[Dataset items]
-=-=-

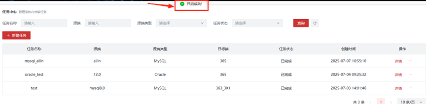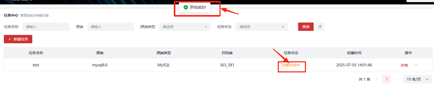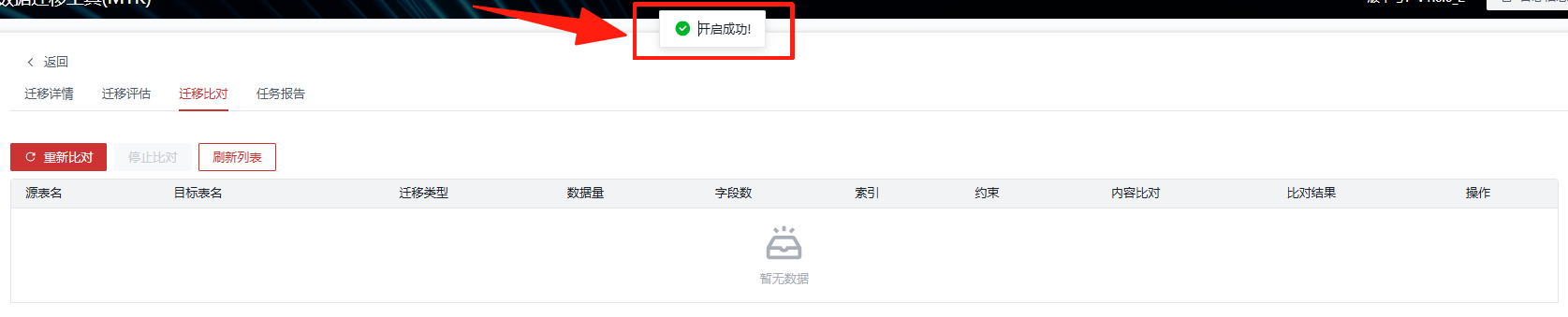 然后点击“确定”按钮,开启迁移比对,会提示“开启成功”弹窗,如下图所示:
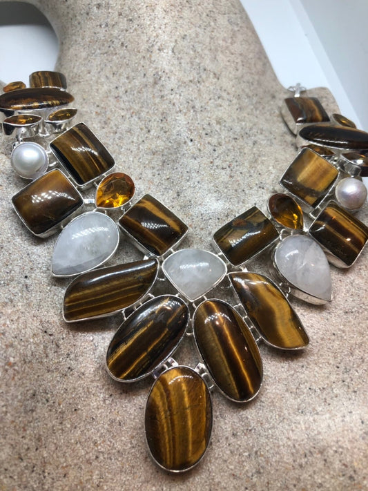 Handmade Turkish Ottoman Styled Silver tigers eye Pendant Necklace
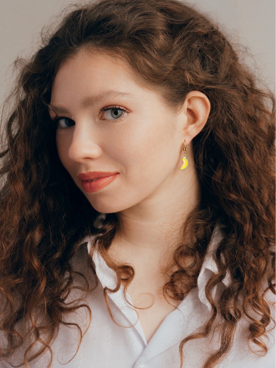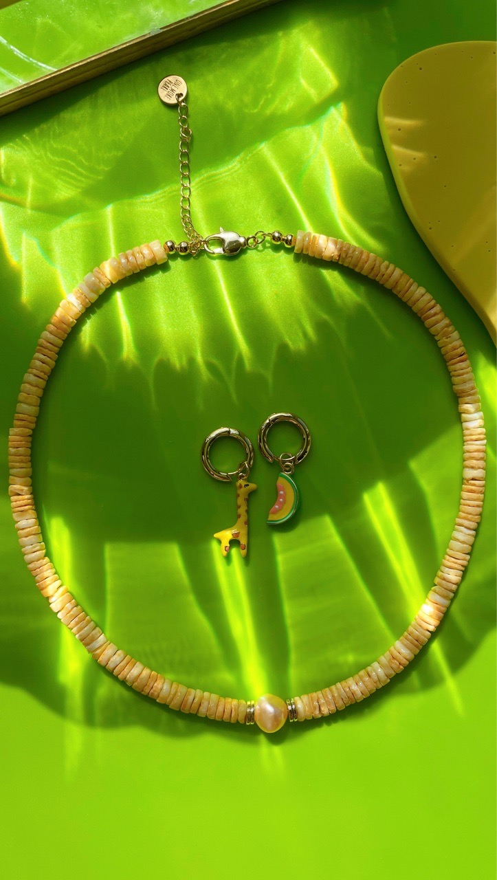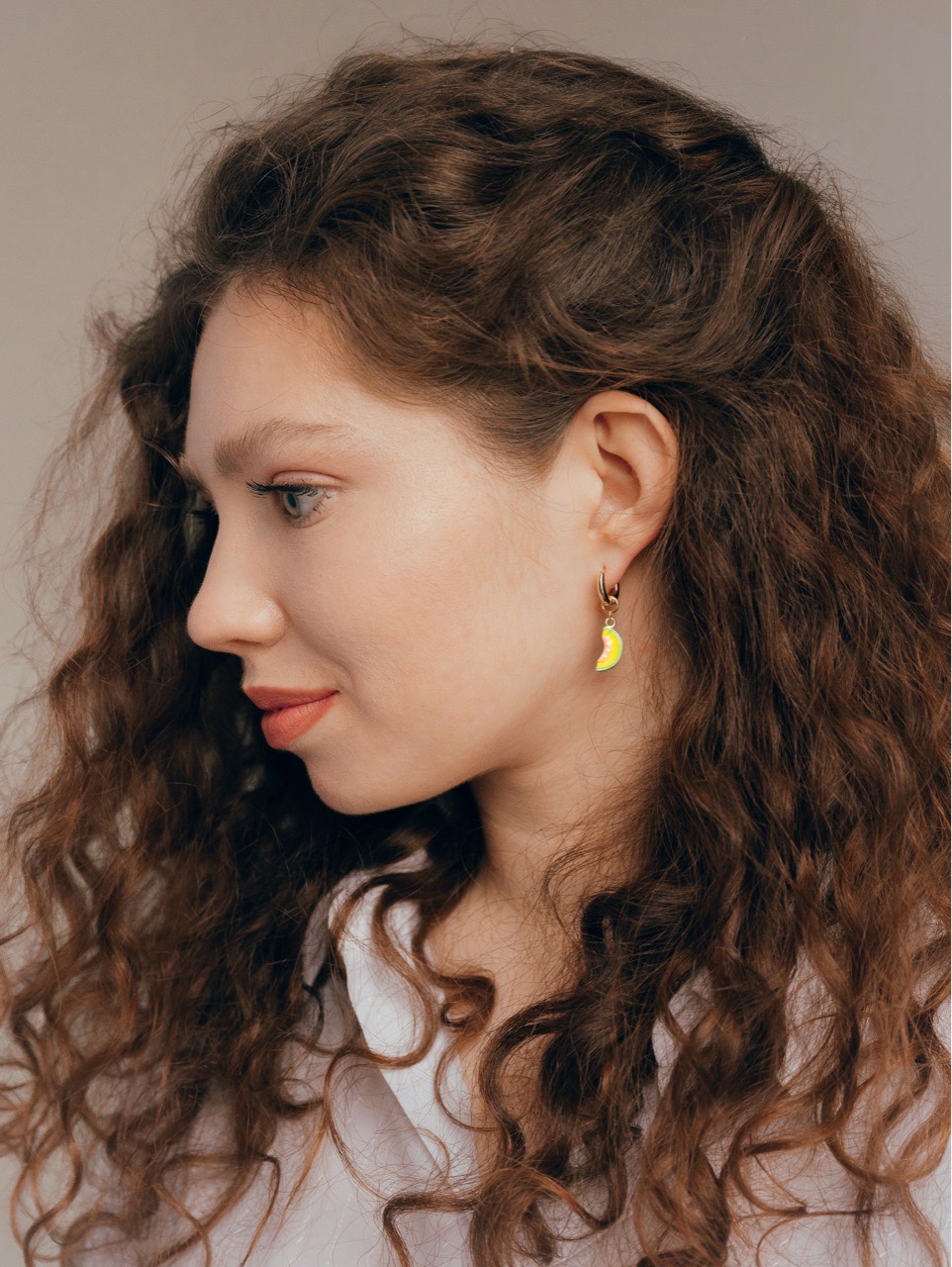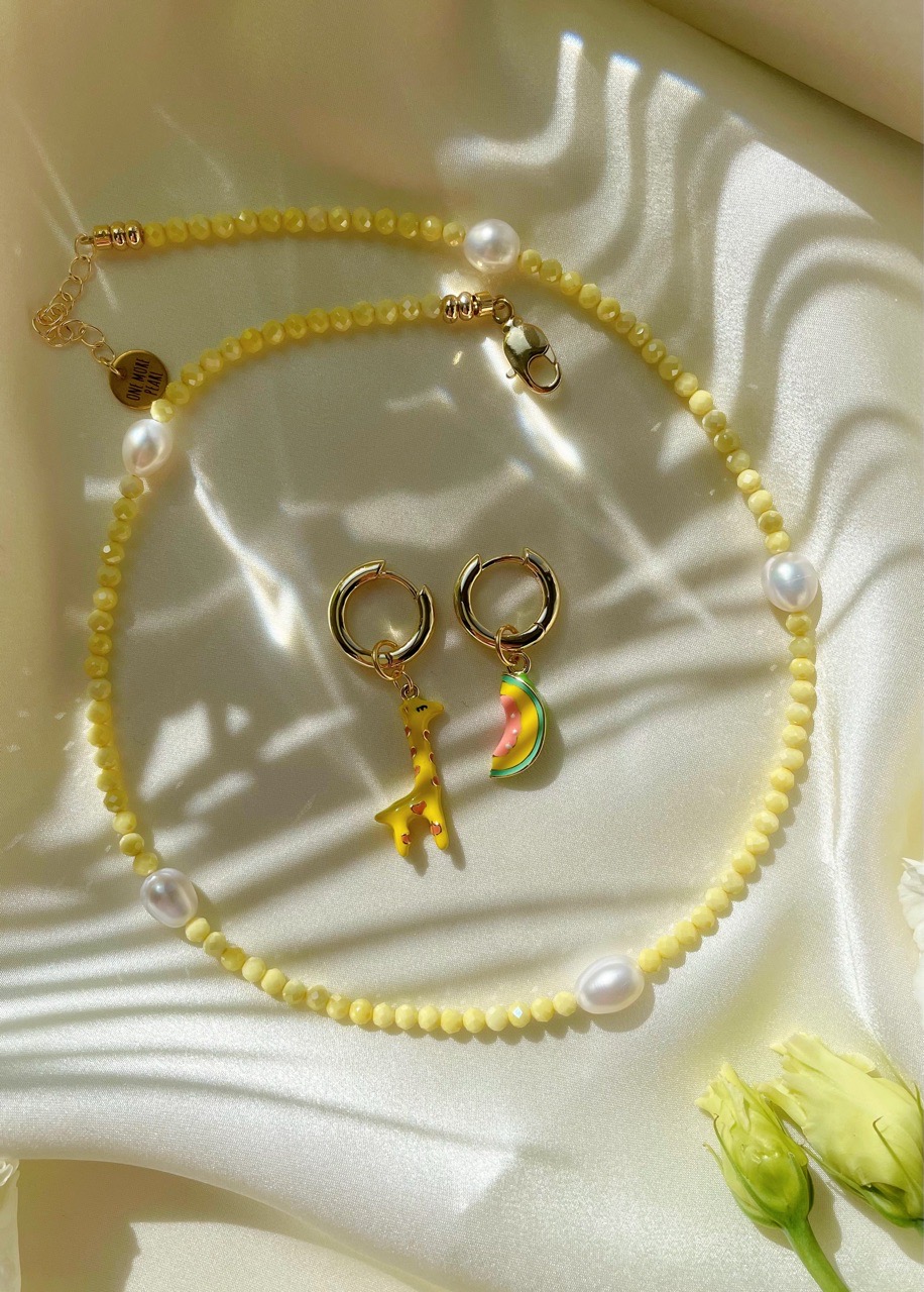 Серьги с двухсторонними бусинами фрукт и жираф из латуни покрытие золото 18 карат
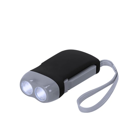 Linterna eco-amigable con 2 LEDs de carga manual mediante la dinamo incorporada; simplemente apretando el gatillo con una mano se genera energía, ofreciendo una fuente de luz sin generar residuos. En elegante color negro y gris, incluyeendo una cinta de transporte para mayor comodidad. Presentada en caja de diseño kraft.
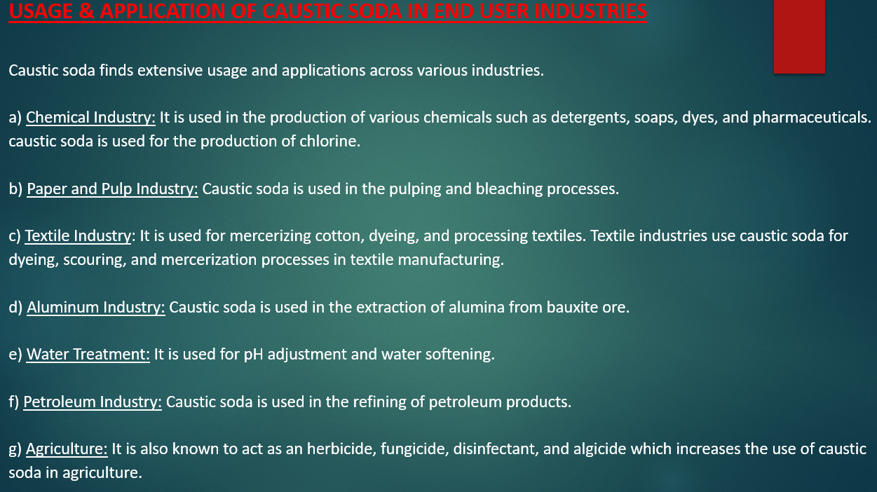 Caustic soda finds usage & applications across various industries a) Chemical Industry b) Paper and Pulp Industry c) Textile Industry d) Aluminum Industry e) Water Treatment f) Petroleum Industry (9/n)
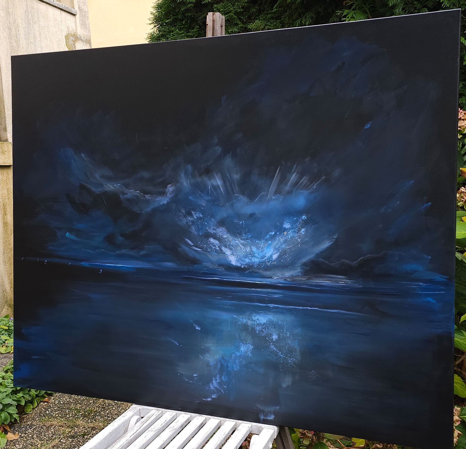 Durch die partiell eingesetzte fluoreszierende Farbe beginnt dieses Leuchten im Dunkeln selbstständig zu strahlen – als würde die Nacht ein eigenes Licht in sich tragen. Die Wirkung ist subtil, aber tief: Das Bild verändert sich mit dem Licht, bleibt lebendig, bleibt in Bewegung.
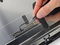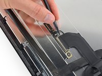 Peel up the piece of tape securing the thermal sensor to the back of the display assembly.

-=-=-

* _What to do_: Once the line holding "Серьги с двухсторонними" is found, copy it and each later line exactly through the end of the data, leaving out the pictures.

* _Exercise solution_:
 Серьги с двухсторонними бусинами фрукт и жираф из латуни покрытие золото 18 карат
 Linterna eco-amigable con 2 LEDs de carga manual mediante la dinamo incorporada; simplemente apretando el gatillo con una mano se genera energía, ofreciendo una fuente de luz sin generar residuos. En elegante color negro y gris, incluyeendo una cinta de transporte para mayor comodidad. Presentada en caja de diseño kraft.
 Caustic soda finds usage & applications across various industries a) Chemical Industry b) Paper and Pulp Industry c) Textile Industry d) Aluminum Industry e) Water Treatment f) Petroleum Industry (9/n)
 Durch die partiell eingesetzte fluoreszierende Farbe beginnt dieses Leuchten im Dunkeln selbstständig zu strahlen – als würde die Nacht ein eigenes Licht in sich tragen. Die Wirkung ist subtil, aber tief: Das Bild verändert sich mit dem Licht, bleibt lebendig, bleibt in Bewegung.
 Peel up the piece of tape securing the thermal sensor to the back of the display assembly.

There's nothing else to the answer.